For these cases, pathologists from the BNSH ascertained ER and PR status from patient tumor tissue using immunohistochemistry (IHC) and/or pathology reports using a standardized protocol and pathology reporting forms. For all cases, HER2 status available (around 290) was provided from patient medical reports. Where tumor tissue was available, pathologists used IHC testing for ER and PR, and categorized tumors as ER and PR positive if ≥ 10% of tumor cells stained positive. When the ER or PR +/- status is not labeled, but with a specific percentage, we treat it as unknown. Menopausal and other information were extracted either from the medical records (with guidance/approval from an oncologist) or by telephone interviews.
Pre-processing of data
We remove the three male samples, reducing the sample size from 324 to 321. For hormone receptor status, if the left/right breast has different value, it is labeled as NA (unknown). Also, if the hormone receptor status is not binarized but represented by a percentage, it is labeled as NA.
Other re-coding of the data include: (smoking) seldom=0, quit=1, x-number-pocket=1; (family history) first degree relatives are parents, children, and siblings; (other cancer) anything not “no” is considered as yes (including metastasis); (education) 0,1,2,3 are for no school, primary/middle school, high school, college or more; (housewife/employment) retied is considered as the same as employed; (tumor stage) “high stage” is considered as 3, inoperable is considered as 4, A/B/C are ignored; (invasive cancer) IDC(invasive ductal carcinoma)/ICC(invasive cribriform cancer)/ISC(invasive secretory cancer) are invasive, everything else is not invasive. Of the 321 samples, 300 have ER or PR information, 291 have HER2 information; all have age information, but only 214, 215, 217, 222 patients have breastfeeding, age of menarche, use of oral contraceptive, use of hormone therapy information. The amount of missing data for other factors is given in Tables 1,2. An independent variable is removed if the missing rate is too high (e.g., > 0.2). The rest of missing value is imputed from the known variable value (e.g., if x is the independent variable, two values are missing, they are replaced by (R code): sample(x[!is.na(x)][1:2]).

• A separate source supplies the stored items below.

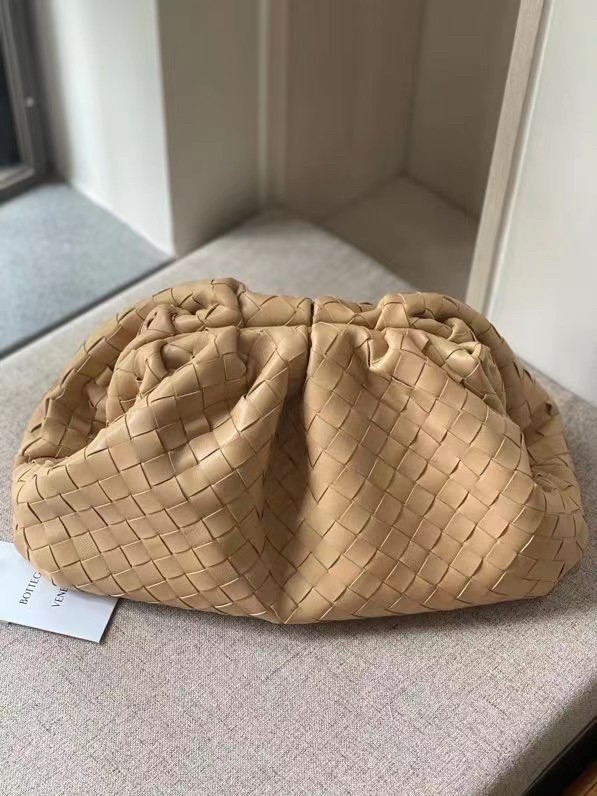 Bottega Veneta Large Pouch Clutch In Beige Intrecciato Lambskin
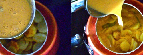 - Lastly add the salt. Pressure cook in low flame for one whistle. Open the cooker after the steam is released.
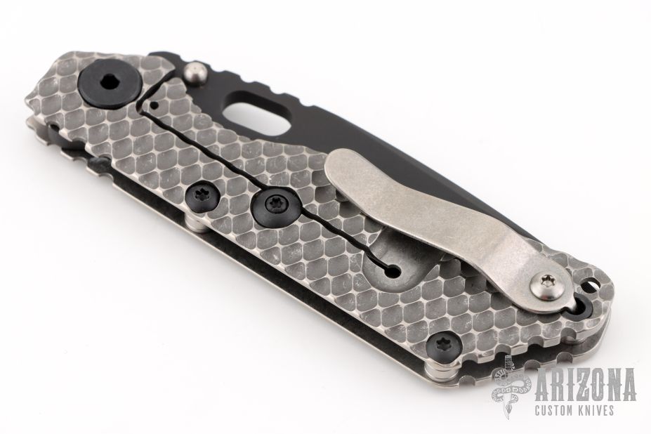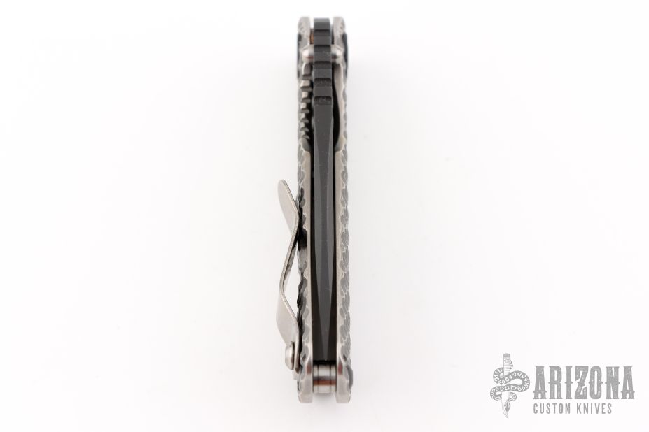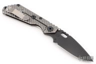 This SNG DGG by Strider has a black spear point blade with dual thumb studs, thumb hole, and notched thumb rest. Handle is titanium with "Gunner Grip" texture, lockbar stabilizer, and stonewash finished titanium tip up clip. Nice detent, lockup and blade seating. Excellent condition.

Turkish Cypriots and non-Turkish-Cypriots patients
Of the 321 samples, 314 of them report the birth country, where the majority are born in Cyprus (n = 233), 53 born in Turkey, and remaining 28 born in other countries, including UK, Turkmenistan, and Bulgaria. Although our analysis is not on genetic or ethnicity’s contribution to the breast cancer subtypes, and foreign-born does not automatically imply non-Turkish-Cypriots, we run all analyses twice: one on n=321 samples and another on n=233 Turkish-Cypriots only samples.
Statistical programs used
All statistical analysis either used R 3.5.1 (www.r-project.org, released July 2018) or SPSS 17.0 (released 2008, Chicago: SPSS Inv.). The Rtsne R package is used for the t-SNE analysis (github.com/jkrijthe/Rtsne), with the default parameter setting (e.g., perplexity=30, dims=2). The glmnet R package (web.stanford.edu/ hastie/glmnet) [12] is used for the following regularized regression: least absolute shrinkage and selection operator, or LASSO (alpha=1, family=”binomial”), elastic net (alpha=0.5), ridge (alpha=1). The logistic regression is carried out by the standard R function: glm(… family=binomial(link=”logit”)), and the Fisher’s test was conducted using the standard R function fisher.test. The independent two-sample t-test between age distribution, one from raw data and another from summary statistics, was conducted using our customized R script.
Results
Visual inspection of the data by t-SNE
The t-distributed stochastic neighbor embedding (t-SNE) [13] is a popular method to represent high-dimensional data in 2 or 3 dimensions. We previously use the technique in other applications in biology/genomics [14, 15].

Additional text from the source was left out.